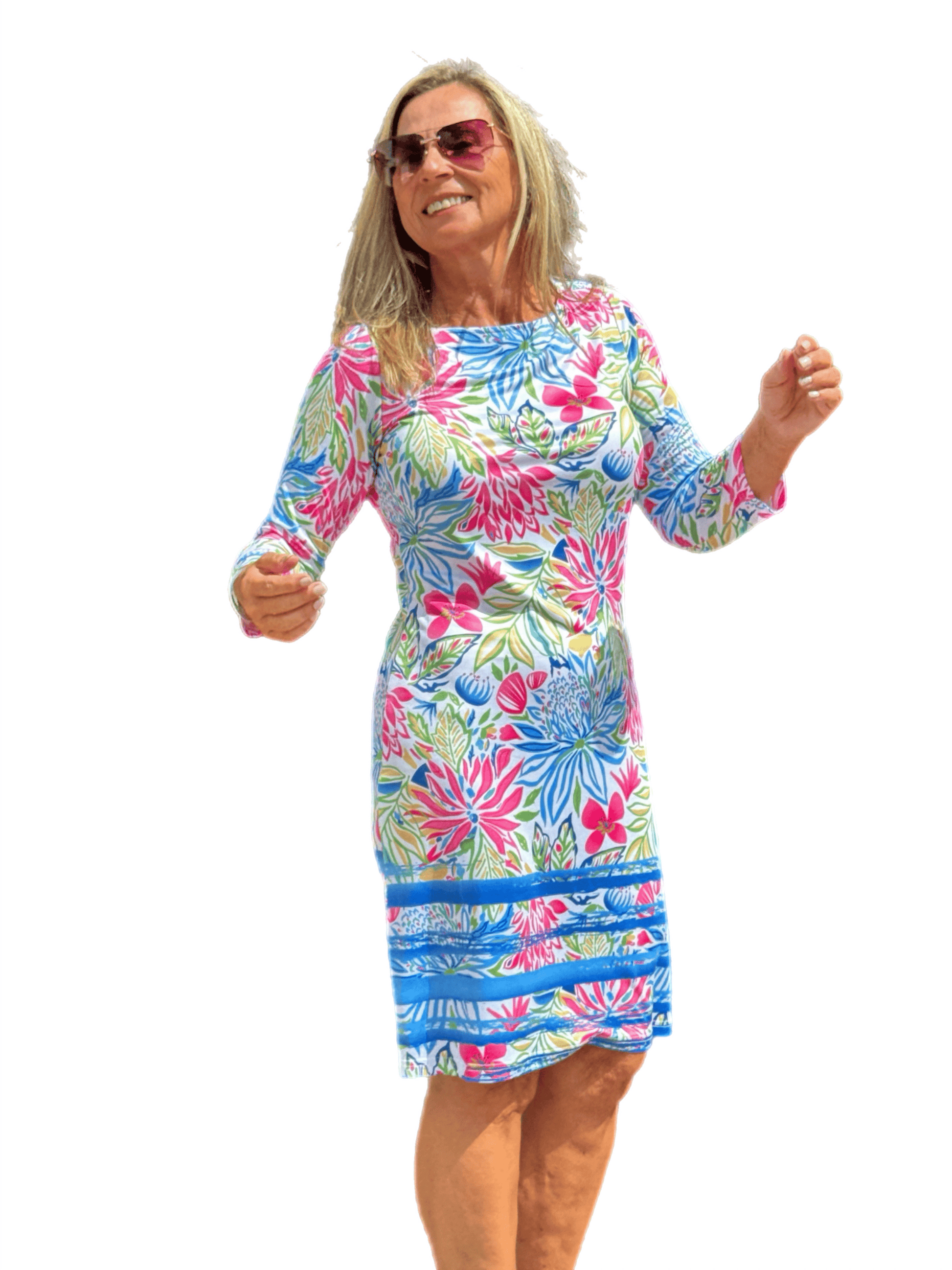 3/4-Sleeve Boat-Neck Dress with UPF50+ Summer Garden
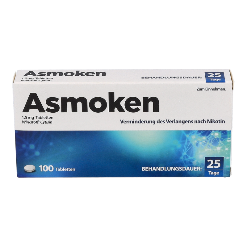 Asmoken enthält kein Nikotin, sondern den Wirkstoff Cytisin. Dieser ist rein pflanzlich und gut verträglich. Cytisin verdrängt während der Behandlung das Nikotin schrittweise aus Ihrem Körper. Am Anfang der 25 Tage sollte man bis zu 6 Tabletten am Tag nehmen. Danach immer weniger, bis man am Schluss nur noch 1 oder 2 Tabletten am Tag braucht. Am Ende sind Sie vom Nikotin entwöhnt. Nach Beendigung der 25-tägigen Behandlung wird das Cytisin aus dem Körper ausgeschieden, und Sie verspüren kein Verlangen mehr nach Nikotin. Eine Packung Asmoken (100 Tabletten) reicht für die vollständige Behandlung von 25 Tagen aus. Die Tabletten werden mit einer ausreichenden Menge Wasser eingenommen.
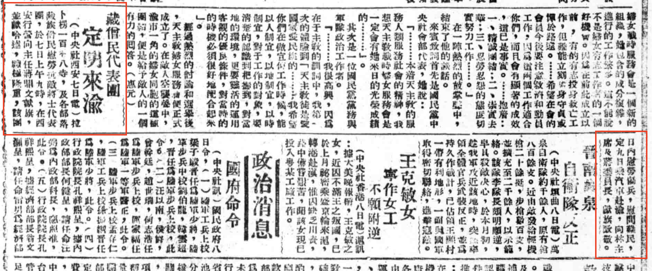 藏族僧民代表團(tuán)定明來渝(《新華日報》1938年11月9日)
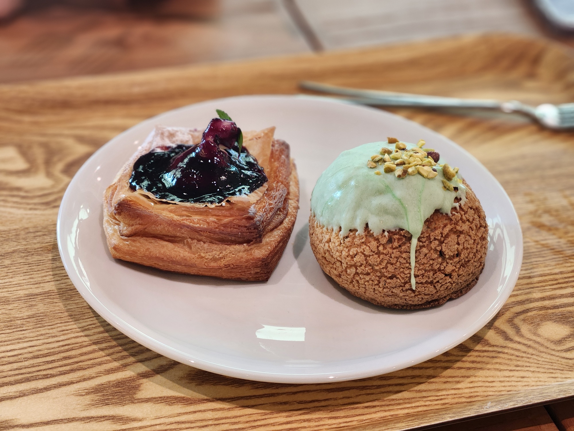 디저트는 블루베리 파이, 깨찰슈콘 피스타치오맛을 주문했습니다.
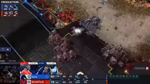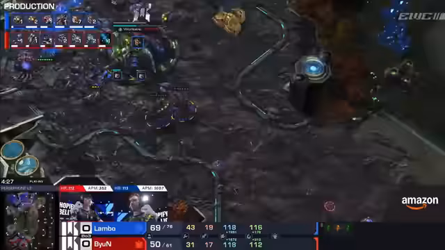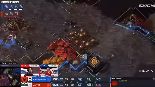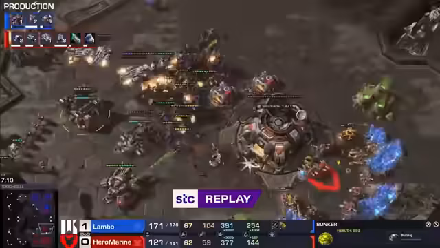 04:10:35Spannendes Spiel zwischen Hero Marine und Lambo, in dem Hero Marine eine kritische Situation verteidigen muss. Ein Command Center wird abgebrochen, was ihn in Bedrängnis bringt, doch er kann den Schaden abwehren und seine Wirtschaft aufrecht erhalten. Ein späterer Push, unterstützt von Banshees und Vikings, zwingt Lambo zum Rückzug und gibt Hero Marine die entscheidende Initiative. Mit einer überlegenen Wirtschaft und Armee kann er Lambos Expansionen zerstören und das Match für sich entscheiden.
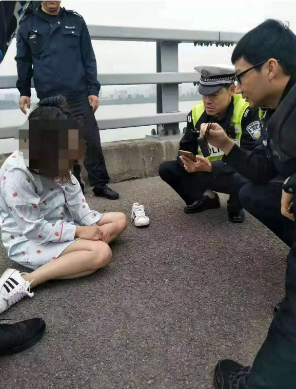 將女子從護(hù)欄上放下來(lái)后,為了防止女子再次做出過(guò)激舉動(dòng)民警們一邊形成“保護(hù)圈”,將其與高架護(hù)欄及過(guò)往車流隔開(kāi)一邊不斷對(duì)女子進(jìn)行安撫交流。
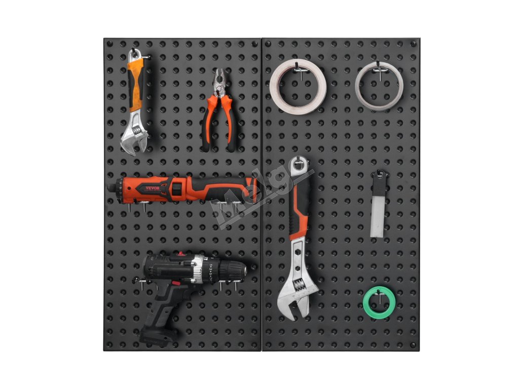 Dierované panely na náradie 32"×16", 2 ks, oceľové, čierne, na stenu
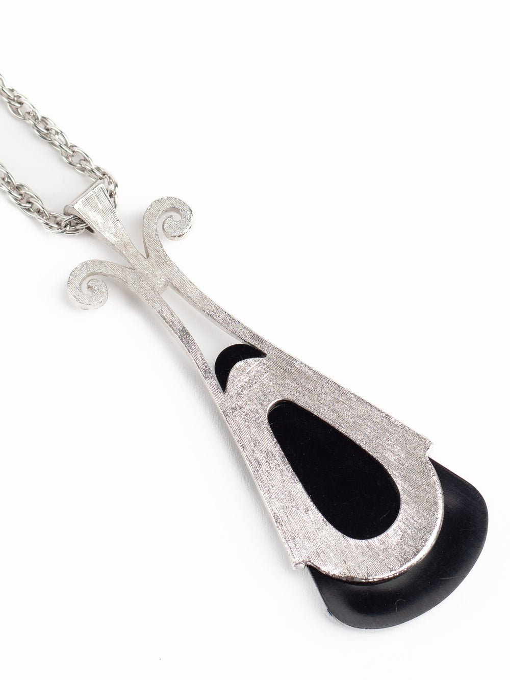 Vintage 70s AVON Silver-Tone Pendant Necklace with Black Teardrop Drop
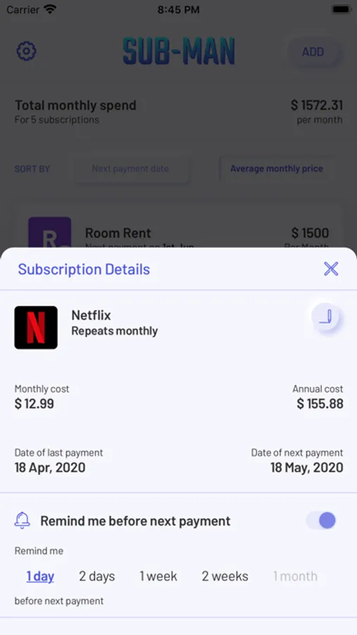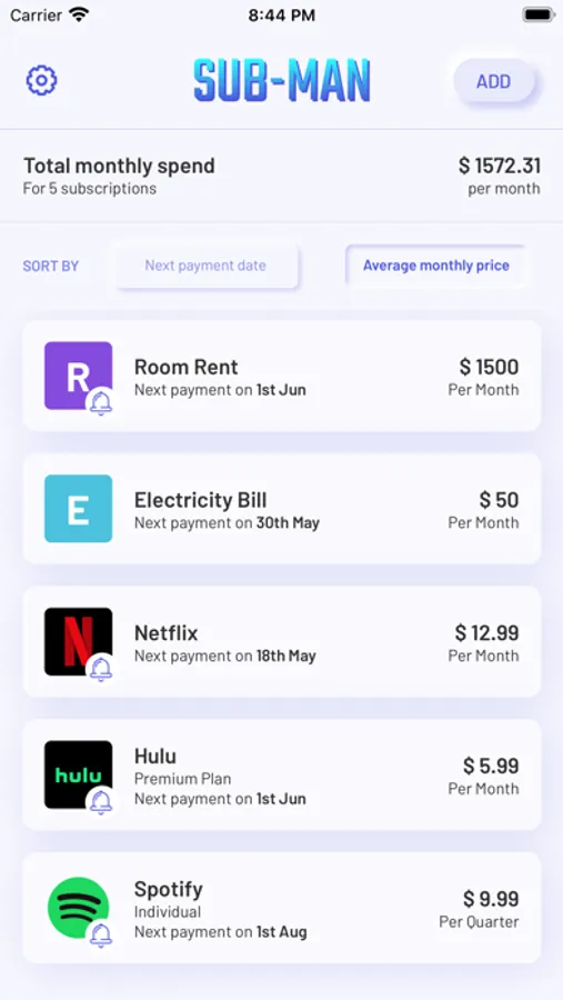 SubMan provides a clear view of all your subscriptions or recurring bills. By this, you will always know the amount of money spent on subscriptions, which ultimately helps you to control your monthly spendings.
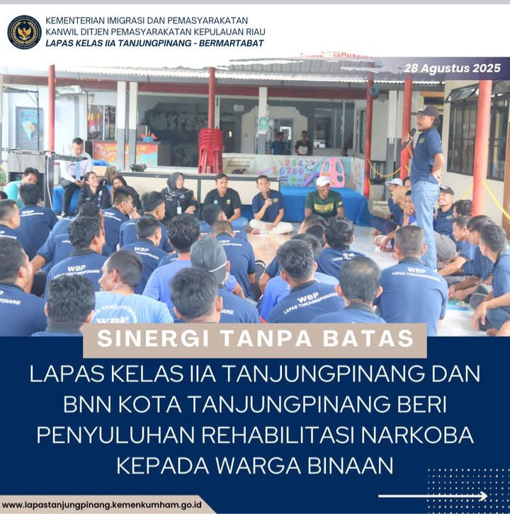 Program rehabilitasi ini merupakan kerja sama antara Lapas Kelas IIA Tanjungpinang dan BNN Kota Tanjungpinang sebagai bentuk sinergi dalam mendukung pemulihan bagi warga binaan yang terdampak penyalahgunaan narkoba.
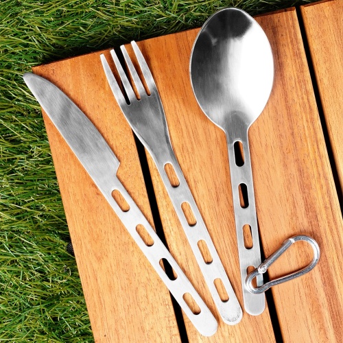 Tourist cutlery set with a carabiner: spoon, knife and fork. Made of stainless steel. Useful when camping, camping and traveling.
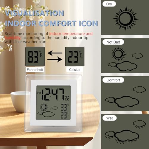 VOILEIPAGI Small Clock Digital Battery Operated Alarm Clock with Auto Backlight, Indoor Temperature Humidity, 12\/24H, Date, Travel Alarm Clock Desk Clock Small Clock for Shelf (Battery Included)
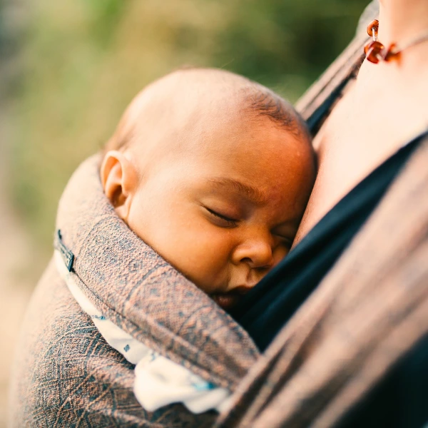 Le portage offre à votre bébé un cocon rassurant et réconfortant, proche de ce qu’il a connu in utero (chaleur, mouvements, battements du cœur, voix). Cette continuité l’aide à se sentir en sécurité et à s’habituer progressivement à son nouvel environnement.
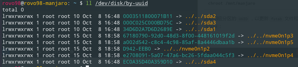 1 | mount /dev/nvme0n1p4 /mnt/manjaro |
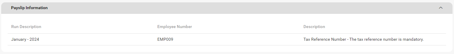The warning message "The Tax reference number is mandatory" will display underneath the payslip information tab on an employee's payslip.
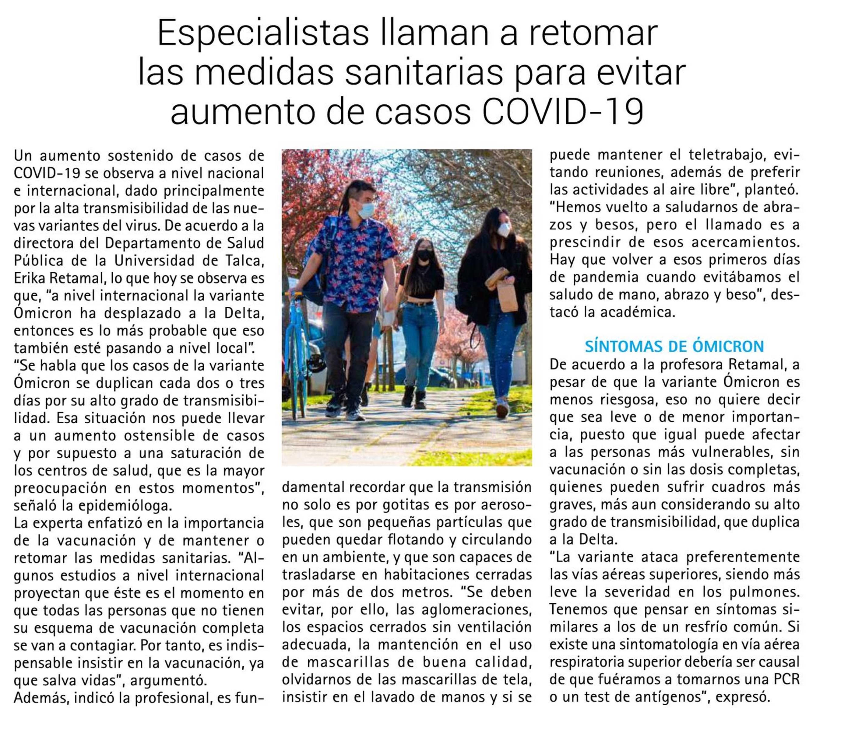 Especialistas llaman a retomar las medidas sanitarias para evitar aumento de casos COVID-19. Se refiere Erika Retamal, directora de Salud Pública de la UTalca.
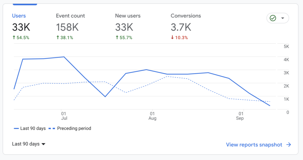 March 1 - Sept 12 2023 (Since conversion to GA4)
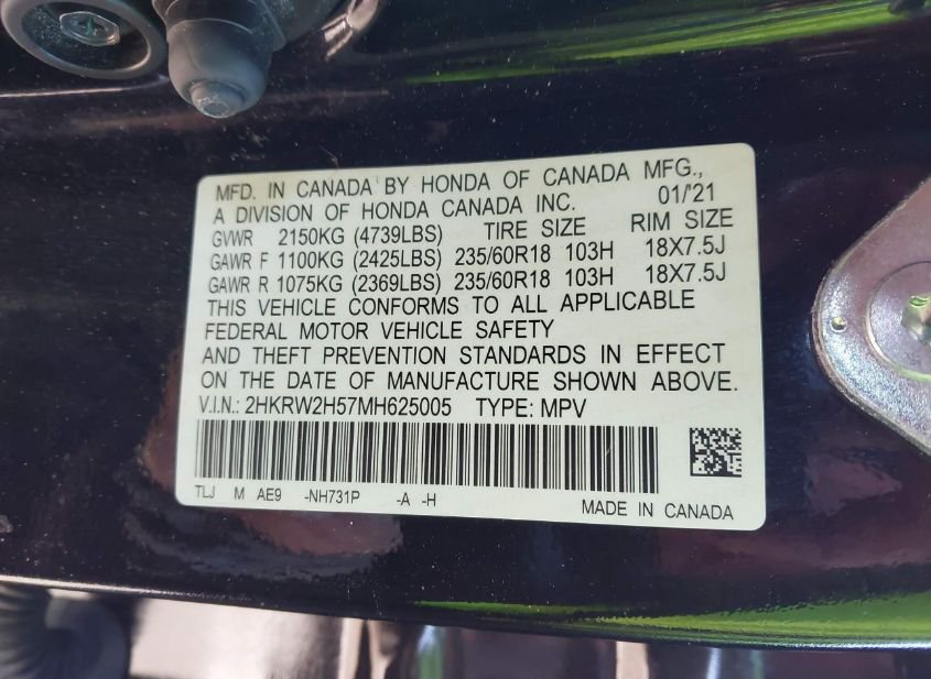 - VIN: 2HKRW2H57MH625005
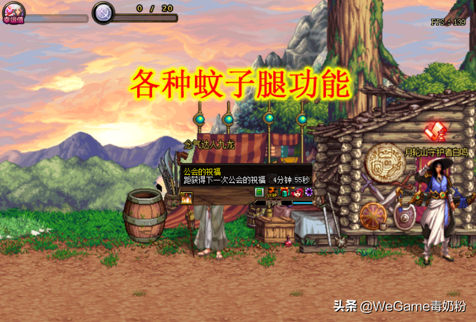 (3)新增各种蚊子腿功能。 比如公会的祝福,玩家在公会区域挂机,竟然能得贡献度,这样的BUFF厉害了。还有升级缩减功能,每当NPC升级过程中,如果有玩家进入公会大厅时,可缩短一分钟~
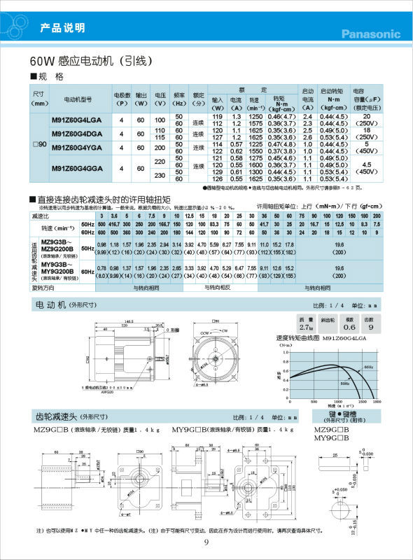 供应松下60W感应电机M91Z60G4GGA,60W单相电机
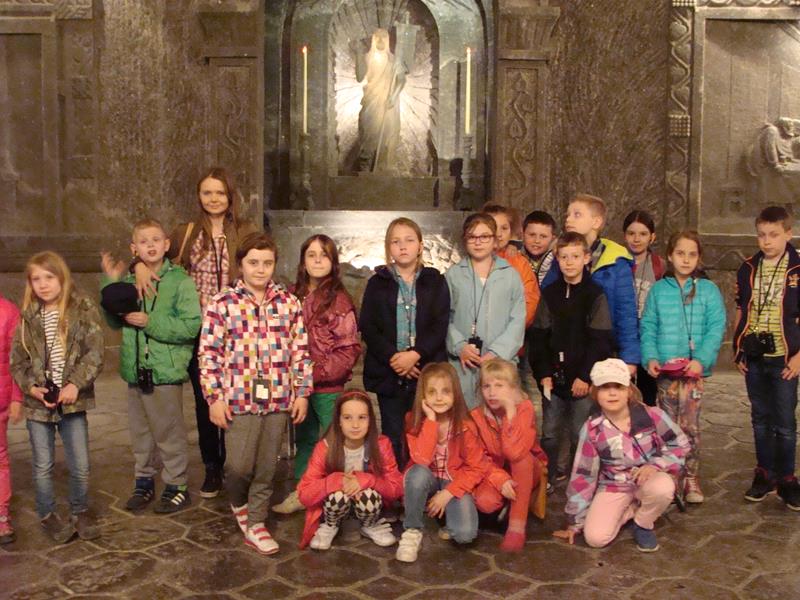 Po długim spacerze na świeżym powietrzu udaliśmy się autokarem do naszego hotelu ''Galicja'' w Wieliczce. Po zjedzeniu obiadu i odpoczynku w hotelowych pokojach czekała na nas kolejna atrakcja - zwiedzanie Kopalni Soli w Wieliczce. Magiczna podróż poprzez labirynt skalnych korytarzy to bardzo dobra okazja, żeby poznać unikalne pejzaże niezwykłych komór oraz odkryć tradycję i historię kopalni. Podczas wycieczki trasą turystyczną z panią przewodnik podziwialiśmy wspaniałe kaplice, urokliwe podziemne jeziorka, oryginalne urządzenia oraz ślady prac górniczych. Kilkugodzinny spacer korytarzami kopalni to nie tylko zwiedzanie, ale też wspaniały zabieg inhalacyjny. Zwiedzanie kopalni zakończyliśmy zakupem pamiątek. Po dniu pełnym wrażeń udaliśmy się do hotelu na odpoczynek.
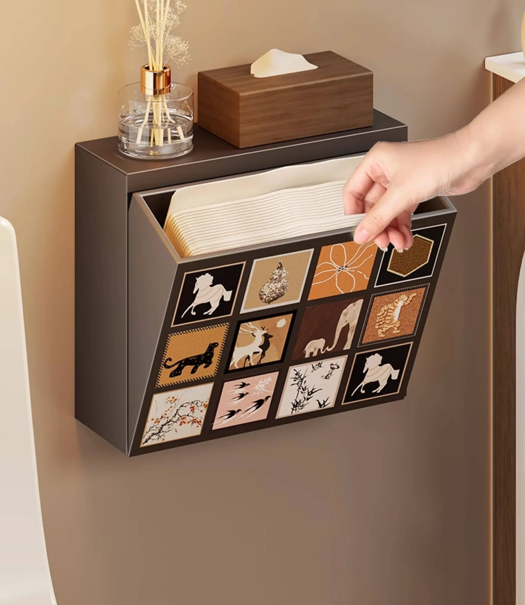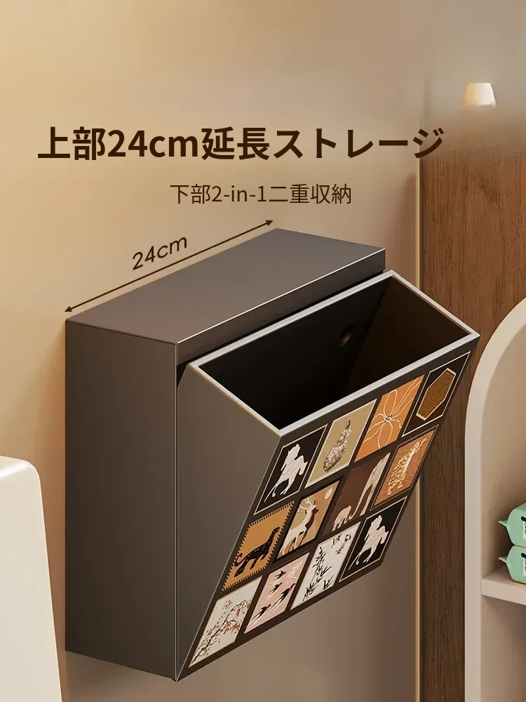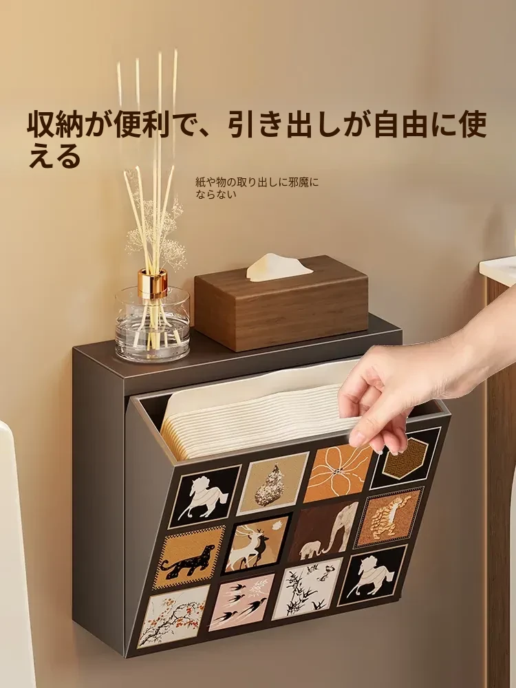 トイレ用ティッシュボックス - 穴あけ不要!トイレットペーパーや生理用品も収納できる多機能ボックス。おしゃれで便利なスマート収納、トイレをスッキリ整理整頓!

Brief » Within the material above, find the part that opens with the line containing "Asmoken enthält kein" and closes with the line containing "디저트는 블루베리 파이, 깨찰슈콘 피스타치오맛을 주문했습니다.", and reproduce it exactly without the pictures.

Written reply »
 Asmoken enthält kein Nikotin, sondern den Wirkstoff Cytisin. Dieser ist rein pflanzlich und gut verträglich. Cytisin verdrängt während der Behandlung das Nikotin schrittweise aus Ihrem Körper. Am Anfang der 25 Tage sollte man bis zu 6 Tabletten am Tag nehmen. Danach immer weniger, bis man am Schluss nur noch 1 oder 2 Tabletten am Tag braucht. Am Ende sind Sie vom Nikotin entwöhnt. Nach Beendigung der 25-tägigen Behandlung wird das Cytisin aus dem Körper ausgeschieden, und Sie verspüren kein Verlangen mehr nach Nikotin. Eine Packung Asmoken (100 Tabletten) reicht für die vollständige Behandlung von 25 Tagen aus. Die Tabletten werden mit einer ausreichenden Menge Wasser eingenommen.
 藏族僧民代表團(tuán)定明來渝(《新華日報》1938年11月9日)
 디저트는 블루베리 파이, 깨찰슈콘 피스타치오맛을 주문했습니다.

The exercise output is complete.